So, I don't really follow your argument that this is a reason for introducing a new @kind value.


In contrast, the ATSC Digital Television specification indeed allows an associated visually impaired service to the main service to be either a single channel (which is what is typically implemented) or a complete mix of all program elements (i.e. main and audio description). See

http://www.atsc.org/cms/standards/a_54a_with_corr_1.pdf (6.6.2.3, 6.6.4.3)
and
http://www.atsc.org/cms/index.php/standards/document-download/doc_download/13-a52b-digital-audio-compression-standard-ac-3-e-ac-3-revision-b (p. 117, full_svc flag)
However, it seems that most implementations only do a single channel. Do you know if there are actual implementations out there that do such a mixed delivery? And do they actually mix the channels or do they dedicate, for example, the center channel to audio descriptions, thus retaining the separation?
Comment 7 Bob Lund 2011-08-30 01:34:54 UTC
(In reply to comment #6)
> Bob, you are referring to the "pass-through" rule and references to the use of
> secondary audio programming in the FCC ruling. What this refers to is the use
> of multichannel video programming distributors (MVPDs), which provide a second
> and separate audio channel to the main one in which additional audio content
> can be distributed. Most of the concerns raised in the FCC document are about
> the current use of the secondary channel for a second language audio track and
> that a requirement to provide audio descriptions would require stopping that
> service which is not acceptable for a different part of the MVPDs audience. All
> of the discussion in the FCC document are about MVPDs, i.e. about distributing
> audio descriptions in a secondary audio track. Nowhere do I see a discussion
> about a mixed audio tracks. The only mixing that happens is in the receiving
> device for display purposes.

No, this is not the case. There are only two audio channels - main and secondary. Audio descriptions are mixed with the main dialogue by the programmer and carried in the secondary audio channel. This channel is a mix of dialogue and description. Receivers only tune one of the audio channels. There is no mixing in the receiver.

> 
> So, I don't really follow your argument that this is a reason for introducing a
> new @kind value.

The current @kind does not support identification of an audio channel with dialogue and descriptions.

Bob
> 
> 
> In contrast, the ATSC Digital Television specification indeed allows an
> associated visually impaired service to the main service to be either a single
> channel (which is what is typically implemented) or a complete mix of all
> program elements (i.e. main and audio description). See
> 
> http://www.atsc.org/cms/standards/a_54a_with_corr_1.pdf (6.6.2.3, 6.6.4.3)
> and
> http://www.atsc.org/cms/index.php/standards/document-download/doc_download/13-a52b-digital-audio-compression-standard-ac-3-e-ac-3-revision-b
> (p. 117, full_svc flag)
> However, it seems that most implementations only do a single channel. Do you
> know if there are actual implementations out there that do such a mixed
> delivery? And do they actually mix the channels or do they dedicate, for
> example, the center channel to audio descriptions, thus retaining the
> separation?
Comment 8 Mark Vickers 2011-08-30 23:24:26 UTC
I checked with our experts on audio description tracks and got the following answer:

"From an International (European) perspective it is correct that Video Descriptions may be delivered separately for downstream mixing, or Descriptions may be delivered pre-mixed.  However in the US and Canada the only technique in use or contemplated at this time is pre-mixed and delivered as an alternate "complete main" audio channel.  I think the W3C needs to account for the differences between how this is done indifferent parts of the world"
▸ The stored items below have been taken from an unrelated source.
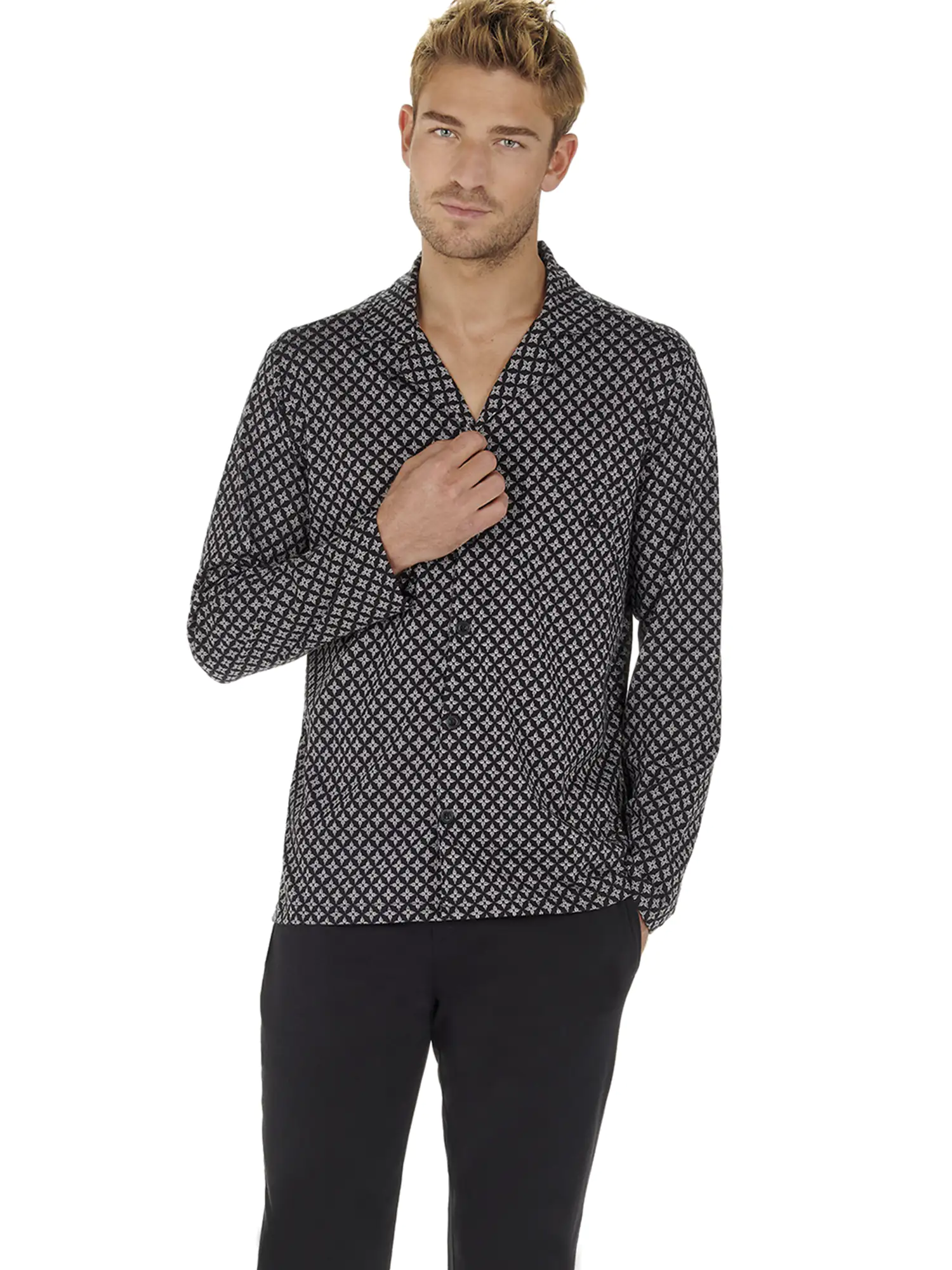 De Vince heren pyjama is gemaakt van 100% katoen. Het shirt met lange mouwen is geheel te openen met de knopen aan de voorzijde. Met ruit print in zwart wit heeft de Vince een elegant en klassiek design. De lange broek in effen zwart heeft steekzakken in de zoom aan de linker en rechterzijde. De tailleband is elastisch en heeft een trekkoord. Doordat de pyjama is gemaakt van katoen is deze gemakkelijk schoon te maken en ademt deze goed. Perfect voor de man die graag natuurlijke stoffen draagt.
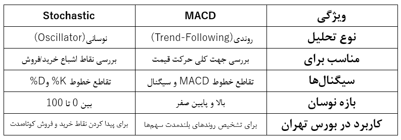 در یک نگاه ساده، تفاوت اصلی این دو اندیکاتور در این است که:
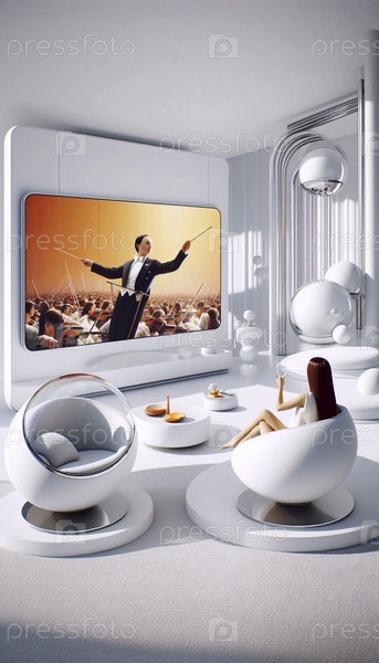Футуристическая гостиная Home of Tomorrow с прозрачной пластиковой мебелью и женщиной, дирижирующей оркестром на большом экране телевизора
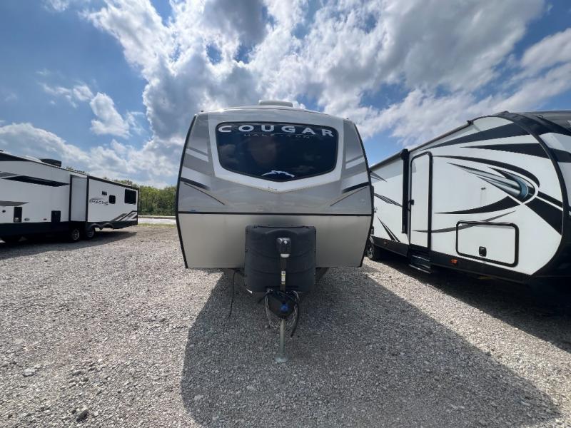 Wherever you go, you'll always have your home with you when you take this Cougar Half-Ton travel trailer along! All of the things you love most about your home have been incorporated into the design of this model. From the king-size master suite up front to the private bunkhouse in back, you'll have comfortable sleeping areas for both you and your kids. You can even have a game night together with the sleeper sofa and booth dinette in the main living area, or you can use the entertainment center to watch a movie.

I believe this is because US and Canadian client devices (TVs & set-top boxes) currently only switch between the main audio track and the secondary audio programming (SAP) track. In the US, this often switches between English and Spanish dialog. The client devices never mix the two audio tracks. Therefore, new audio description tracks will be pre-mixed so the client devices can continue to switch between the tracks with no audio mixing at the client.
Comment 9 Clarke Stevens 2011-11-09 22:39:22 UTC
At the F2F meetings in Santa Clara, the HTML WG appeared to support this bug. The resolution suggested by the Media Pipeline task force (MPTF) is the same one suggested in the original bug report. Here is a link to the MPTF requirement:

http://www.w3.org/2011/webtv/wiki/MPTF/MPTF_Requirements#R1._Combined_Main_.2B_Description_Audio_Track

The MPTF is open to other solutions as well.
Comment 10 Mark Vickers 2011-11-09 23:06:03 UTC
(In reply to comment #9)
> The resolution suggested by the Media Pipeline task force (MPTF) is the same
> one suggested in the original bug report.

To be clear, the referenced MPTF document actually describes two alternate solutions, both of which were discussed at the F2F. Option A is the same as in the original bug report. Option B is a more general alternative solution.

Option A: Define two new Category values:
   "main+description" - pre-mixed main audio track and audio descriptions
   "translation+description" - pre-mixed translated audio track and audio descriptions

Option B: Make Category a list, allowing other combinations (e.g. video with main and sign)

Coincidentally, the W3C just posted a promotional video that includes a version with descriptive audio in the currently unsupported pre-mixed format, illustrating the need for this bug to be fixed:
   http://www.w3.org/2011/11/w3c_video_described.html
Comment 11 Silvia Pfeiffer 2012-02-09 05:23:37 UTC
(In reply to comment #10)
> Option B: Make Category a list, allowing other combinations (e.g. video with
> main and sign)

I don't mind Option B though I hope it occurs infrequently.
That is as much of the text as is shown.